# Toro 51992 won't start (made by Homelite for Toro)



## rirusshob (Jun 6, 2010)

I cannot get it to start at all. 
Air Filter looks just dandy.
No leaks.
Spark plug looks fine.
Everything seems as it should.

The only other info I have:
Engine Displacement-25cc
Family-6HCPS.0254AG

Parts manual
hxxp://powerparts.homedepot.com/MANUALS/TORO/3354-726.PDF

The spark is fine, checked it while spark plug was out and it ignited the gasoline just fine.

With the spark plug in it just does not even sputter to turn on.

It seems that when I pull on the starter recoil several times gas sprays out of the carburetor air intake.

Any ideas?

Thanks.-


----------



## 30yearTech (Sep 14, 2006)

Check the exhaust for restriction.

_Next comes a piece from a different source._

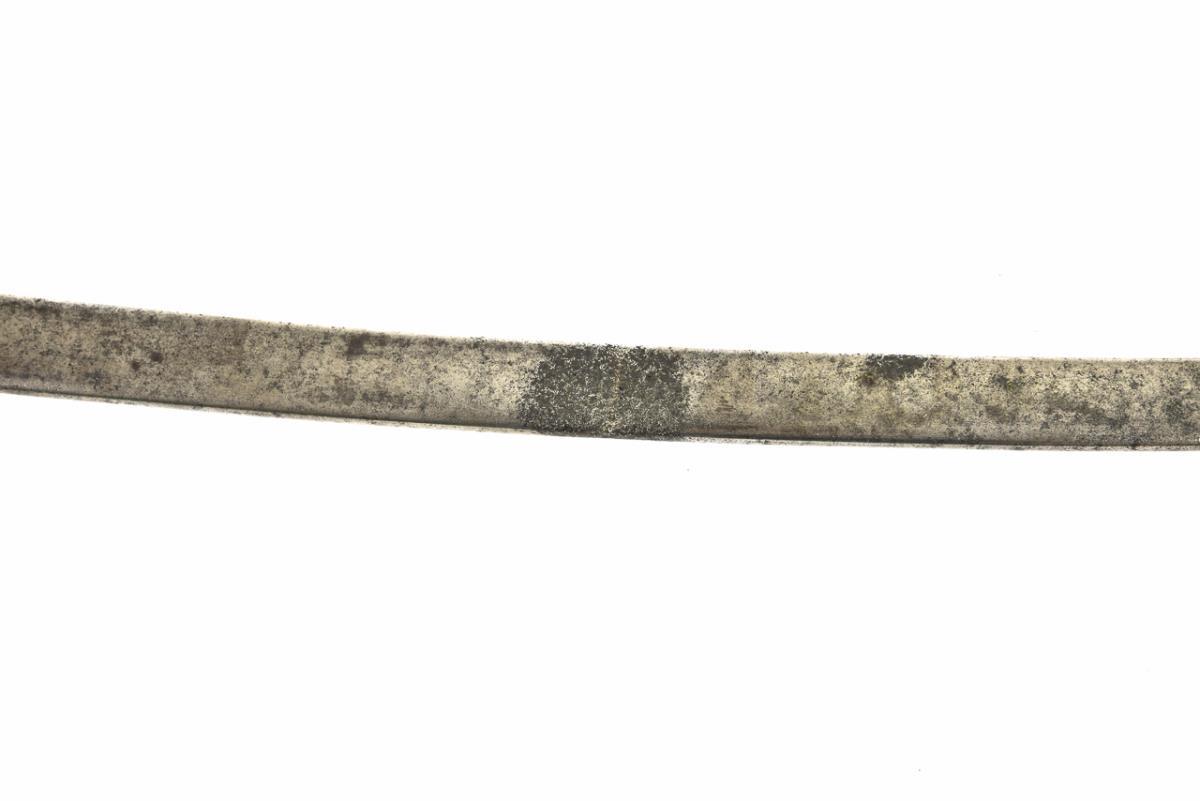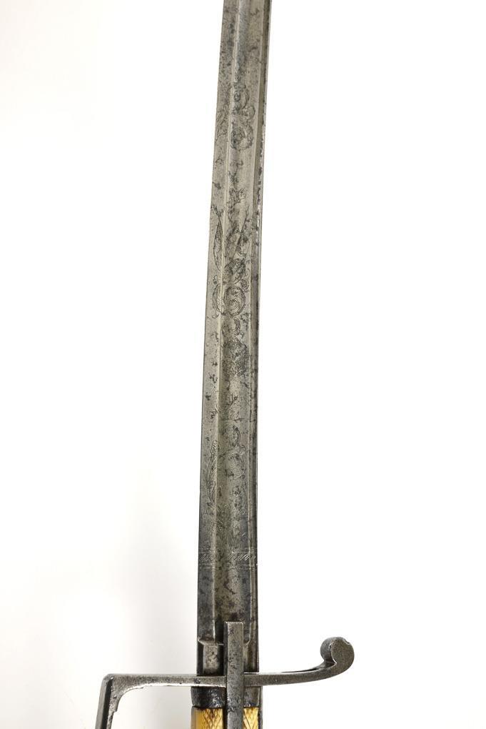 Leicht gebogene Klinge mit verstärkter Rückenlinie, breitem Hohlschliff, der sich zur Pandurenspitze hin in zwei schmale Hohlschliffe teilt. Florale Gravuren auf beiden Seiten. Eisengefäß und Griff aus Bein (Trockenrisse). Metallscheide mit zwei Bandringen. Scheide mit Korrosionsnarben.

A plugged spark arrestor screen or possibly carbon build up in the exhaust port.


----------



## rirusshob (Jun 6, 2010)

Thank you so for the information.

I took off the muffler, cleaned everything out, the spark arrestor screen was fairly clean, some carbon in the channel, cleaned out.

Tried it without the muffler and ... nothing ... not even a sputter, really has me baffled. :drunk:

Any other possibilities?

Thanks again.


----------



## glenjudy (Aug 26, 2006)

rirusshob said:


> I.....The spark is fine, checked it while spark plug was out and it ignited the gasoline just fine.
> 
> Any ideas?
> 
> Thanks.-


fwiw, IPL looks more like an ECHO...
checked it while spark plug was out......
how did it ignite???

have you tried new plug ????


----------



## rirusshob (Jun 6, 2010)

Tried several new plugs. RC4J, and RCJ6Y, I even tried a E3.12 Diamond Fire.




> how did it ignite???


I took the Spark plug out attached it to the cable placed it touching the cylinder head (spark plug thread) sprayed stating fluid on it, pulled the cord and it ignited the fluid.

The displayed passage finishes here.